Два актера на одну роль
ДАНИЭЛЬ ЖОВАР, ИЛИ ОБРАЩЕНИЕ КЛАССИКА
Пылающую кровь волнует вдохновенье!
Сойдясь на струнный зов, божественные тени —
Хор непорочных Муз и лирник Аполлон —
Перенесут меня на беотийский склон,
Где укрепят во мне порыв самозабвенный
И утолят мой жар струею Иппокрены
Под сенью миртовой, и я останусь там,
Чтоб эхо чуткое учить своим стихам.
(Даниэль Жовар, до обращения)
Ненасытного голода не поборю я —
Раздавить на зубах эту кожу гнилую,
Сунуть жадные губы в дырявую грудь,
Черной крови из мертвого сердца хлебнуть! [8]
(Тот же Даниэль Жовар, после обращения)
Я знавал, и знаю еще и поныне, одного достойного молодого человека, которого действительно зовут Даниэль Жовар, — именно так, а не иначе, — к его великой досаде; ибо если вы на гасконский лад вместо «в» произносите «б», то этого достаточно, чтобы из двух незадачливых слогов его фамилии получился эпитет, не слишком для него лестный. [9]

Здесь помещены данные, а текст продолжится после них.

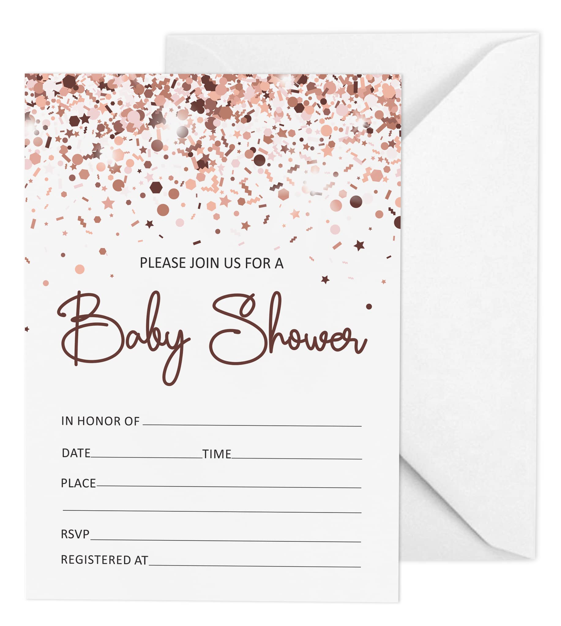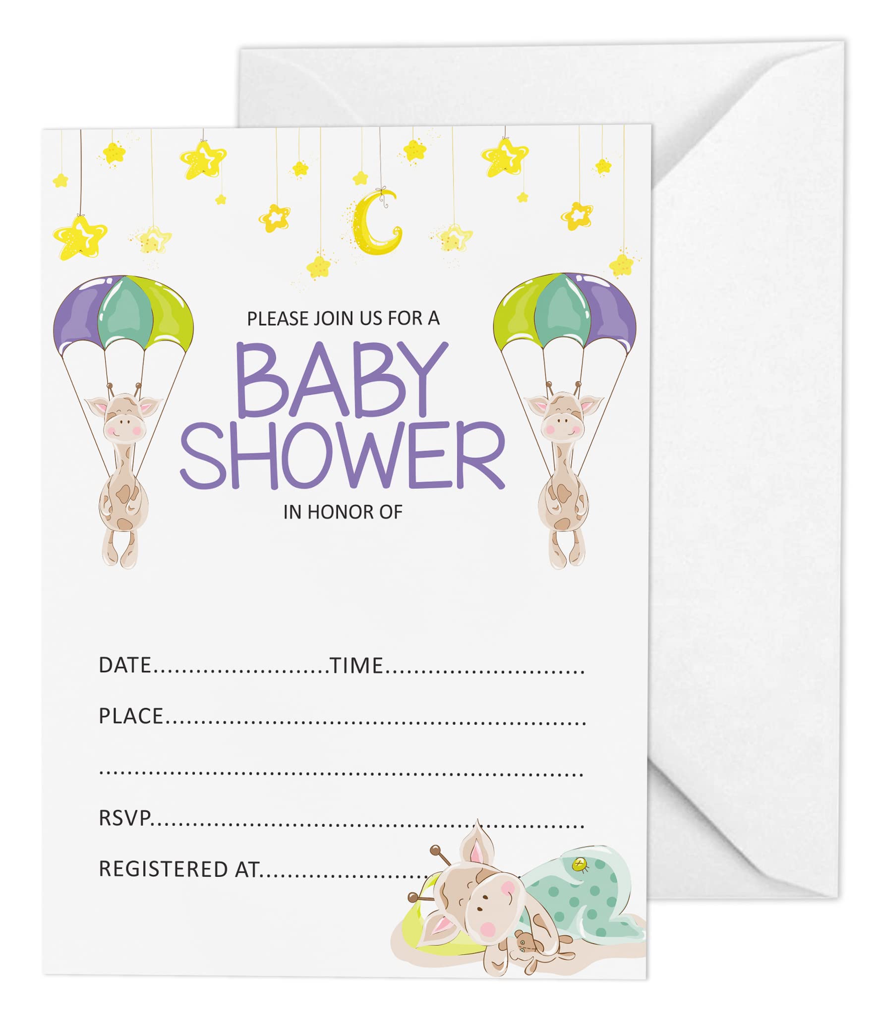 Invitaciones para baby shower, 25 tarjetas de invitación con sobres blancos, invitaciones planas de 5 x 7 pulgadas, tarjetas de fiesta de bebé, hechas ...

Отец, наградивший его этой злосчастной фамилией, был торговец скобяным товаром и содержал лавку в одном из тех узких переулков, что выходят на улицу Сен-Дени. А так как он сколотил себе состояньице продажей медной проволоки к дверным звонкам и дверных звонков к медной проволоке, дослужился до чина сержанта национальной гвардии и вознамерился стать избирателем, то и полагал, что высокое звание гражданина с имущественным цензом, сержанта в настоящем и избирателя в будущем обязывает дать «обррразцовое», по его выражению, воспитание юному Даниэлю Жовару, непременному наследнику стольких льгот, уже имеющихся или имеющих быть.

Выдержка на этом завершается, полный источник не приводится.